I looked up at the woman. The birds had been busy there too. Her eyes were gone. Deep, black pits filled the empty eye sockets. A long, stringy piece of something trailed out of her right eye. I couldn’t tell what it was and had no desire to look closer.
The dial on the phone had already clicked off five minutes. I had not even started my search and already half the allotted time was gone. Reaching out with the toe of my shoe, I nudged at the man’s torso. His flesh felt stiff and heavy.
We cease being human the instant we die. Every bodily process that keeps skin elastic and flesh malleable, slips away with the last breath. Temperatures begin to drop without the calorie-burning engine at our core churning away at whatever we ate last. Within a few hours acids in the muscles cause them to contract and stiffen with rigor mortis setting in somewhere between two and six hours after death. I knew the condition could last as long as two to three days and that outside temperature had a strong effect on both the time of onset and duration.
Staring down at the body, none of that helped. All it told me was he’d been dead for a while, but not too long. I didn’t need a nurse or a doctor to understand that much.
A glance down at the cell phone told me I needed to get moving. Seven minutes had passed and all I’d done was poke his corpse with my foot. I took a deep breath and tried to erase the horrific images surrounding me.
“What would you do with the keys, William?” I asked out loud, breathing the words more than speaking them. Two options leapt to the front. I’d have them in my pocket or I would have left them in the vehicle. In personal terms, the latter of those
two choices made the most sense. Out here, with no one around, with no worries about thieves, I’d toss them in the seat or put them in a holder of some type—like a center console or maybe even set them up on the dash.
The idea blossoming in my mind when I edged around him sat squarely upon the hope that I wouldn’t have to go through the grisly and degrading process of searching his body, that all I had to do was open the door and the key would be lying right there for me to take.

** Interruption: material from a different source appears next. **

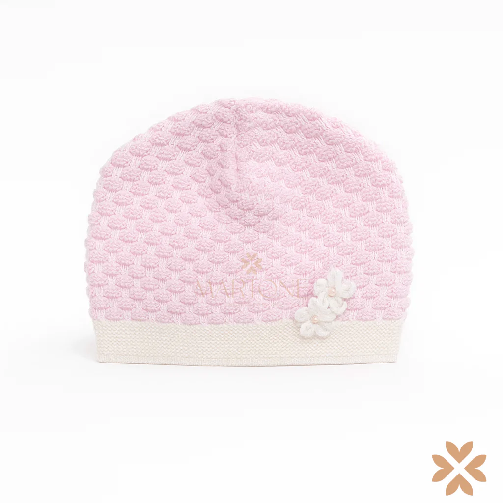 Cappellino 100% lana, realizzato con lavorazione fine e rifinito da delicati fiorellini all’uncinetto applicati a mano. Morbido, caldo e curato in ogni dettaglio.

I slipped between the back of the Suburban and the woman hanging in the tree, keeping the hard metal at my back and watching her black form twirl gently in the light air.
Time, time, time… the thought screamed through my mind, urging my faltering feet to move faster. But I couldn’t. Stepping into the shadows felt like slipping into a river of death, where the stench rising from the surface seethed with the scent of rot and decay. I could taste the ripe and humid odor wafting from the man’s body mixing with the musty smell of decomposing leaves and the stink of rotting vegetation. The simple act of breathing left me feeling as if I’d stuck my head into a tomb and sucked up the rancid air.

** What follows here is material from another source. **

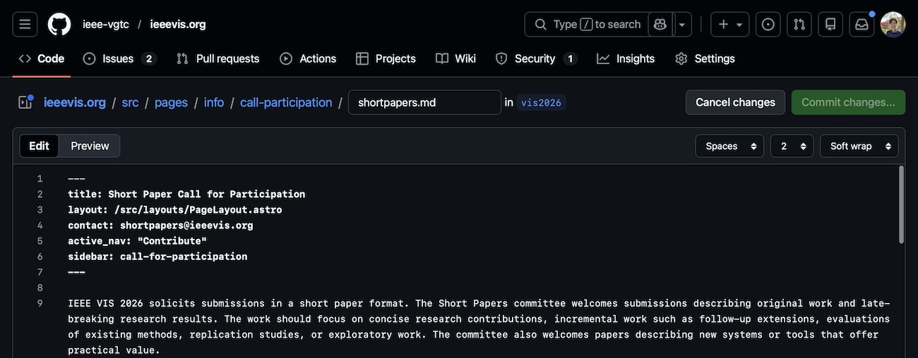 If you are an organization member, the best way to suggest a change is to go on the bottom of the page you want to change and click on “suggest a fix”. You can even go to a webpage that hasn’t been created yet (like http://ieeevis.org/year/2026/hellothere) and click on the link for making a new page. You will be taken to GitHub to make your edits.

A mosquito buzzed in my ear. The light tickle of another landing on my arm had me scrubbing the shotgun barrel across my skin to chase it away.
The act reminded me just how strong habit ran in humans. Even with the horror-show at every turn and the creepy sensation that each step took me closer to needing a coffin of my own, I couldn’t stand the thought of the insect sticking her needle-like snout into me. I knew it was a “her” too. Only the female of the species fed on blood.
The driver’s door opened easily when I tried the handle. Yellow light spilled over the interior. The outside of the Suburban projected a sense of power and intimidation. The inside breathed luxury with its soft, tan leather seats and dash that looked like the cockpit of an airplane. Like the camp, the interior of the vehicle was spotless, with everything tucked away perfectly in place. The seats were bare of both keys and any sort of trash. The glove box held an owner’s manual, an odd-looking key I knew could be used to lower the spare tire from under the rear end, and registration and insurance cards. The center console contained a checkbook, a small, pocket-sized road atlas, and a cell phone.